術後のせん妄リスクについて,家族または本人に伝えるタイミングはいつがよいですか?

『せん妄のスタンダードケア Q&A100』より転載。
今回は、術後せん妄のリスクを伝えるタイミングについて解説します。

術後のせん妄リスクについて,家族または本人に伝えるタイミングはいつがよいですか?

術前の安定している状態のときに,術後合併症の1つとして伝えるとよいでしょう.
このとき,家族の不安が高まらず,冷静に受け止められるよう,術前オリエンテーションの中の1つとして伝えるとよいでしょう.

〈目次〉

術前にせん妄のリスクを伝えておく

手術を受ける患者さんや家族は,手術の成功や順調に回復することへの願いとともに,不安をもち続けています.

しかし,その一方で,実際に手術後のダメージを受けた状態ではないことから,冷静さも保たれています.
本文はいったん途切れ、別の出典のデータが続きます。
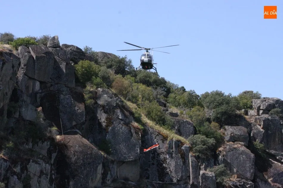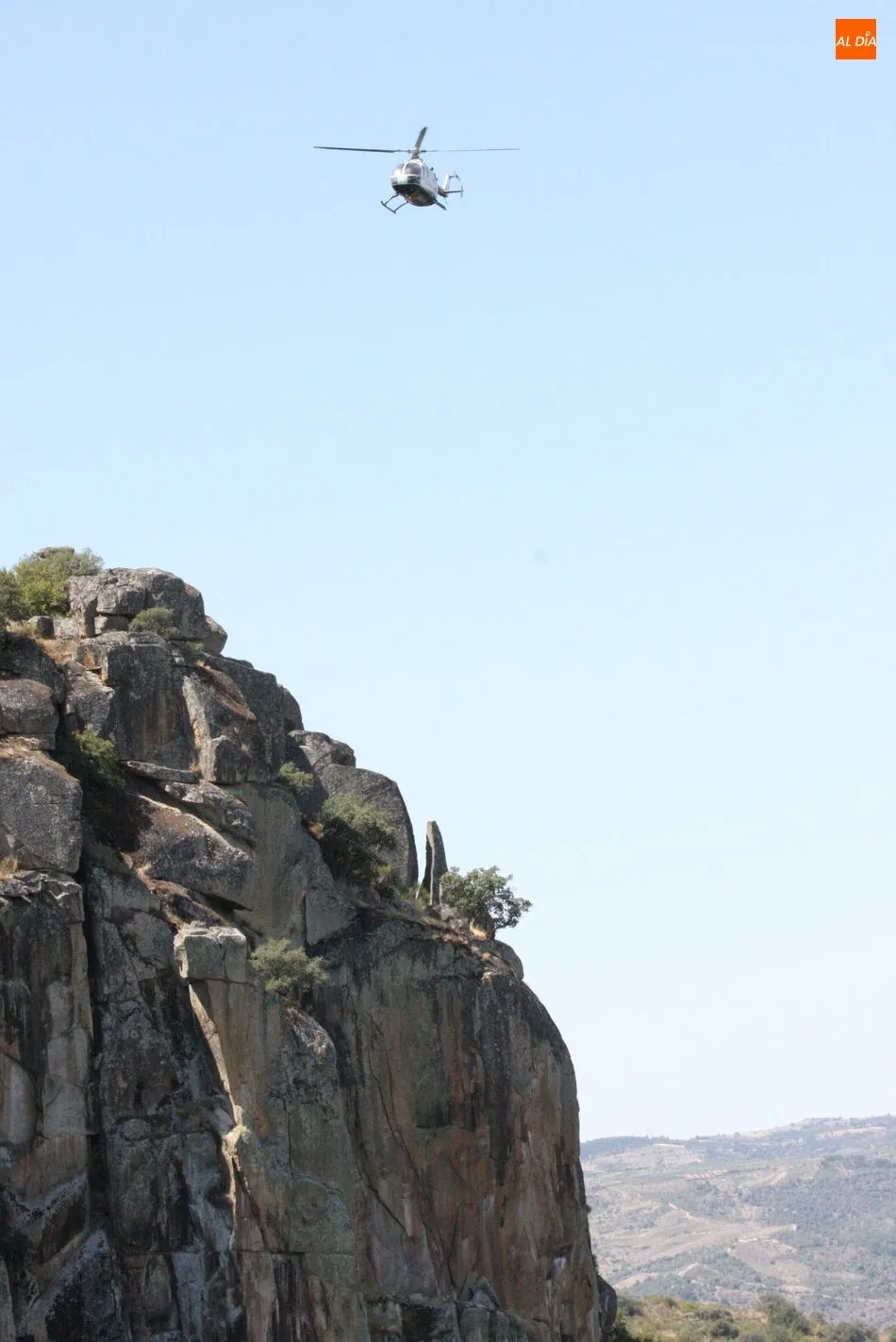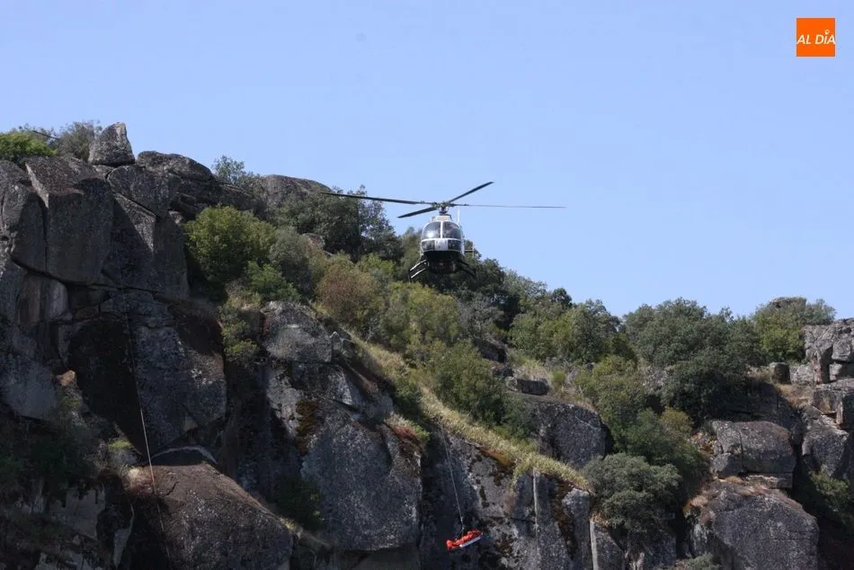 Agentes del Grupo de Rescate Espeleológico y de Montaña (GREM) de la Guardia Civil accedían a primera hora de la mañana hasta el lugar donde se hallaba el cuerpo para proceder posteriormente a su extracción mediante un helicóptero a través de un sistema de cuerdas al que se anclaba una camilla. A continuación, el helicóptero regresaba al lugar para recoger a los agentes encargados de preparar la extracción. En estas labores también han participado agentes de la demarcación de Vitigudino.

そこで,患者本人や家族には,手術前の時点で術後の回復のプロセスを伝えるとともに,術後合併症として,せん妄状態に陥りやすいこと,それらは一時的な症状であることを伝えるとよいでしょう.

 

せん妄のリスクは対策できるもの・できないものを整理して伝える

せん妄のリスクを伝えるときは,対策が立てられるリスクとそうでないものがあることを整理し伝えることがポイントです.そうすることで,せん妄発症の予防対策への動機づけやせん妄発症時の混乱を最小限にすることもできます.

そこで,せん妄のリスクを伝えるタイミングを考える際に留意すべきこととして,以下のようなことがあります.

 

患者さんや家族の不安を推し測りつつタイミングを見極める

発生していないせん妄やそのリスクについて伝えることは,手術直前の不安を高めてしまうことのように考えがちですが,発生していないため本人や家族が冷静に耳を傾けることができます.

ただ,手術直前というより,術前オリエンテーションの中の1つとして伝えるとよいでしょう.また,せん妄リスクへの対応として,発症予防や発症したときの対応について説明しておくと,家族の準備性を高めることができます(表1).

表1家族の準備性を高める説明

家族の準備性を高める説明

 

冷静に対応できる人物を特定し伝える

せん妄を発症した患者さんを見て家族は混乱することも珍しくありません.しかし,あらかじめ説明を受けていること,回復可能な症状であるということを思い出し,冷静に対処することができます.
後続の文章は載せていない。